# LCb student interested in Externship stories...



## haolegirltatu (May 17, 2004)

Hi !... im a first year student at LCB in Minnesota. I m really interested in hearing your stories. I currently am working full time as a tattoo artist as well as attending school. Id like to (ideally) look into externing abroad or in a larger city , and still be able to tattoo part time while im on location. Im really interested in 'Slow Food' ...if anyone is familiar with it...Im not fully educated on the principals , but I love the basic idea. I desire to extern in a professional setting - serving quality organic and free range food...a bit lofty , I know- Im sure I will have to pay some dues- just as I did when I first started tattooing. But I really would love to hear the good, the bad, and the ugly, as far as how Your externship went!!!!


----------



## greg (Dec 8, 1999)

You can get some of the type of experience you're looking for here in the Twin Cities.
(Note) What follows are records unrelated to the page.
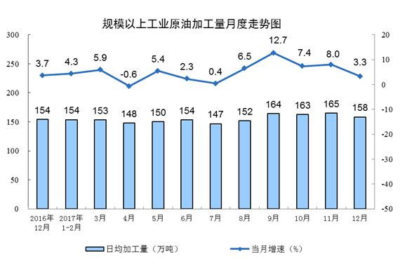 受企業(yè)停產(chǎn)檢修等因素影響,原油加工量增速放緩。12月份,原油加工量同比增長(zhǎng)3.3%,增速比11月份回落4.7個(gè)百分點(diǎn);日均加工量158.4萬(wàn)噸,比11月份減少6.3萬(wàn)噸。主要成品油生產(chǎn)增速均有回落,其中汽油、煤油和柴油產(chǎn)量增速分別比11月份回落7.8、1.3和2.9個(gè)百分點(diǎn)。1-12月份,原油加工量5.7億噸,同比增長(zhǎng)5.0%。
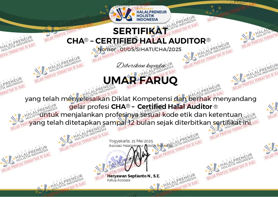 CHA® juga telah memiliki sertifikasi Sertifikat Kompetensi Profesi dari BNSP sesuai dengan SKKNI Auditor Halal.
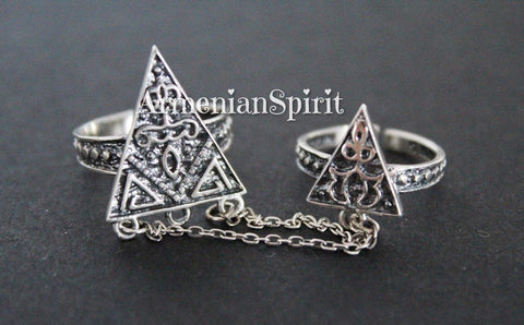 Enhance your style with this unique double ring silver 925 full finger jewelry. Handcrafted with traditional Armenian patterns, this adjustable designer piece features two chains for a trendy touch. Made with high quality sterling silver, this jewelry is perfect for any occasion.
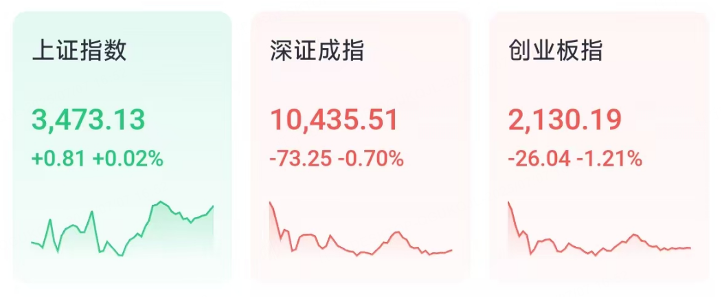 今日A股市场走势分化,沪指尾盘顽强翻红,创业板指调整明显,市场全天成交1.2万亿,较前一交易日缩量超2000亿,两市个股总体涨多跌少。截至收盘,沪指涨0.02%报3473.13点,成交4762亿元;深成指跌0.70%报10435.51点,成交7298亿元。创业板指下跌1.21%,报2130.19点。
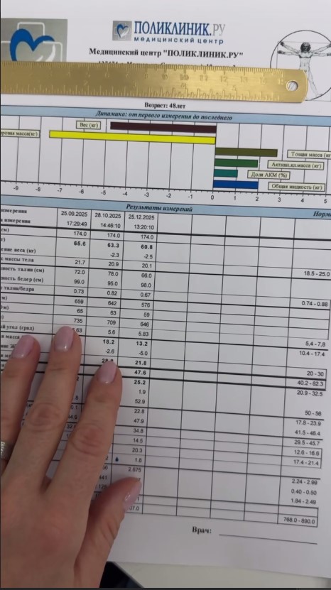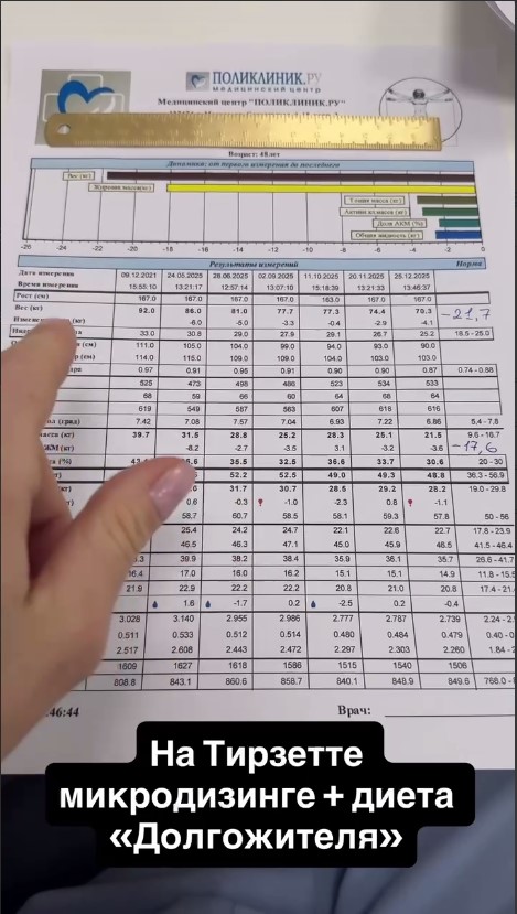 комментарии к видео: Девушка 48 лет. Похудела за 1 год на 21 кг 700 грамм, из них на 17 кг 600 грамм жира. На препарате Тирзетта. Пара тройка месяцев была на диете. Хороший результат. Произошло метаболическое омоложение. Параметры отвечающие за кости и мышцы в норме. было 23.3 осталось 23.7. ушло 600 грам мышц. результат фармо терапии и диеты. медийные материалы:
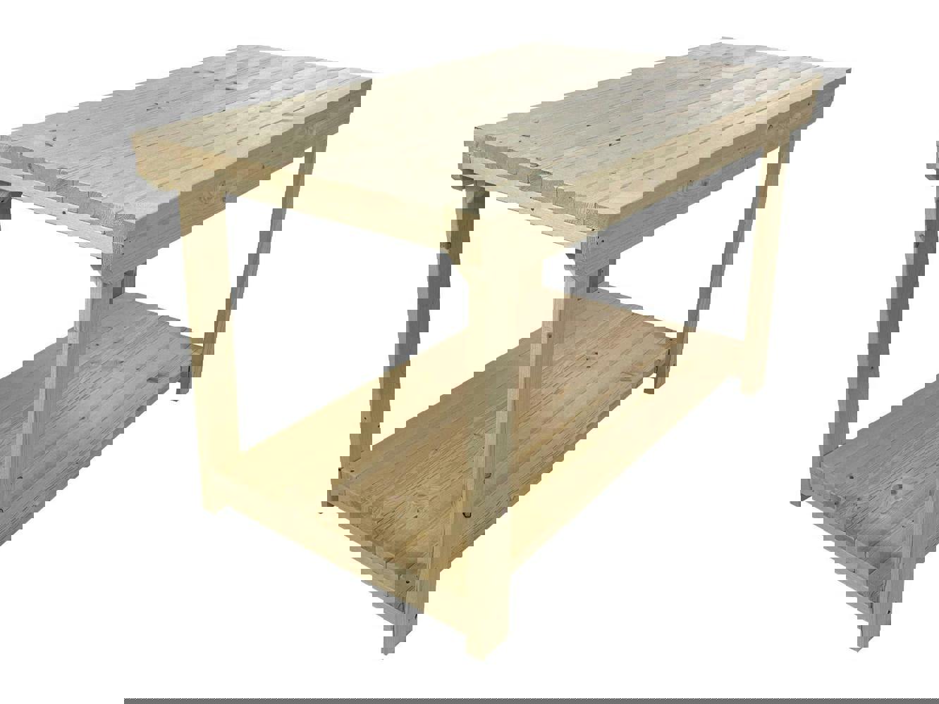The Rotem Wooden Kiln-Dry Workbench is a robust and versatile addition to any workshop or garage. Handcrafted in the UK, this workbench is constructed from construction-grade CLS C16 kiln-dried timber, ensuring exceptional strength and durability. Available in widths ranging from 1200mm to 2400mm (4ft to 8ft) and depths of 900mm or 1200mm (3ft or 4ft), it accommodates various workspace requirements. The standard height is 900mm (3ft), providing a comfortable working level. For enhanced mobility, the workbench is equipped with integrated swivel heavy-duty wheels with brake castors (100mm, each supporting up to 125kg), allowing for easy movement and secure positioning within your workspace. With a weight capacity of up to 850kg (500kg with wheels), it is designed to handle a wide range of projects. Customization options are available upon request to fit your specific needs. Each bench is supplied in a knockdown form for straightforward on-site assembly, requiring only a screwdriver. Comprehensive assembly instructions are included for your convenience.

Lenny Russo at Heartland comes to mind, although I'm not certain he's looking for interns. A friend of mine is the Executive Chef at Tournament Players Club in Blaine. I know for a fact he's been trying to develop a relationship with LCB for interns during golf season. His name's Peter Metzger; some of your instructors probably know of him.


----------



## haolegirltatu (May 17, 2004)

thanks! i will ask Chef Gaitan about those chefs! thanks!


----------